Nikia Pinkney, a consultant who specializes in building nonprofit capacity, pushes for community leaders to take the long view if they really want to "strengthen and stabilize" their organizations. This perspective applies to all the services of her company, the aptly named Mission Longevity, LLC. The New Haven, Conn.-based firm draws from the deep experience and diverse expertise of Pinkney and six other consultants.
Mission Longevity's clients, which include community and faith organizations as well as groups led by and for minorities, receive help and guidance in various aspects of nonprofit management and development, including how to handle advocacy. For Pinkney, this takes many forms, including what she calls "street advocacy." "Every organization doesn't need to have a political arm," she explains. "But when you present a program to the community, it is your responsibility to be aware of all that goes on within that area. We look at demographics, how you go door to door, how to get involved in your school, churches, and all that within a 5-mile radius."
Like Pinkney, Jessica Norwood promotes out-of-the-box thinking. As founder of the Emerging Changemakers Network, she challenges our assumption of who a social change leader is and how change happens.
Founded in 2007 and reaching across the entire Deep South region, Emerging Changemakers recruits civic-minded individuals between the ages of 25 and 40 to receive training and connect with peers around community solutions. None of its 300 active members fits a particular professional profile; a banker or someone from the private sector brings as much to the table as does an activist or nonprofit professional. "It's about self-identifying as a changemaker, being a leader," says Norwood, an Alabama native. "Just show up and take us up on our offer to be a changemaker."

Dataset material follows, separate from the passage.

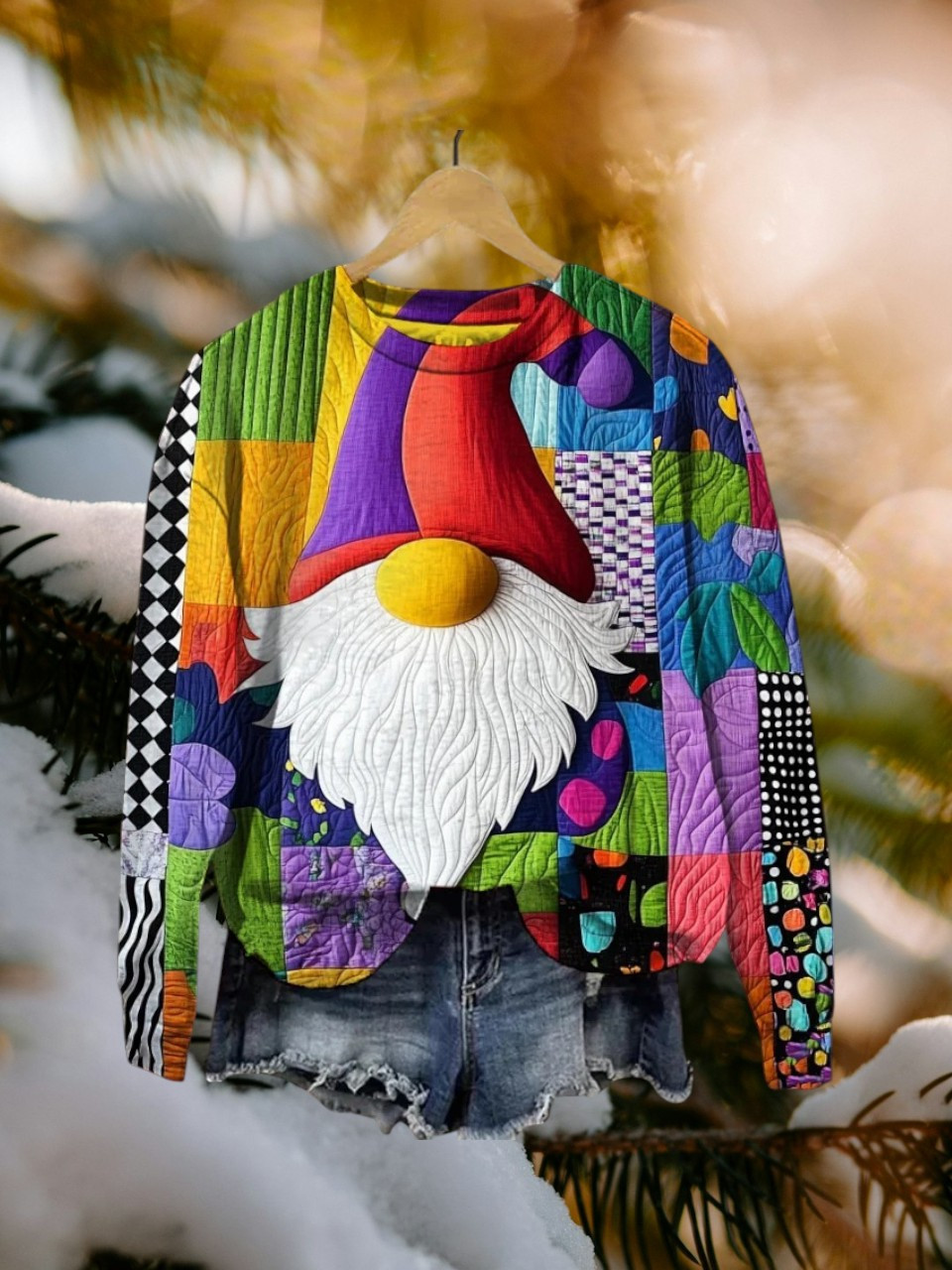 Colorful Patchwork Gnome Christmas Holiday Sweatshirt Winter Xmas Presents For Her

The organization's genesis dates back to Hurricane Katrina, when like many others Norwood saw that no pipeline existed for social justice leaders. As someone well-versed in the spheres of politics and nonprofits, Norwood saw an opportunity for bringing emerging leaders together to address the vast disparities that immigrants and people of color in the region faced. (It was also around this common agenda that Norwood and Frontline's own Marcus Littles, another Alabama native, first connected.)
The most popular component of Emerging Changemakers is the annual Leadership Summit, which takes place in March. But the organization's work goes beyond training and networking, including an Impact Investing program launching this fall that Norwood is thrilled about. In partnership with the Ford Foundation, the pilot program will provide microfinance lending to residents in the Alabama Black Belt region.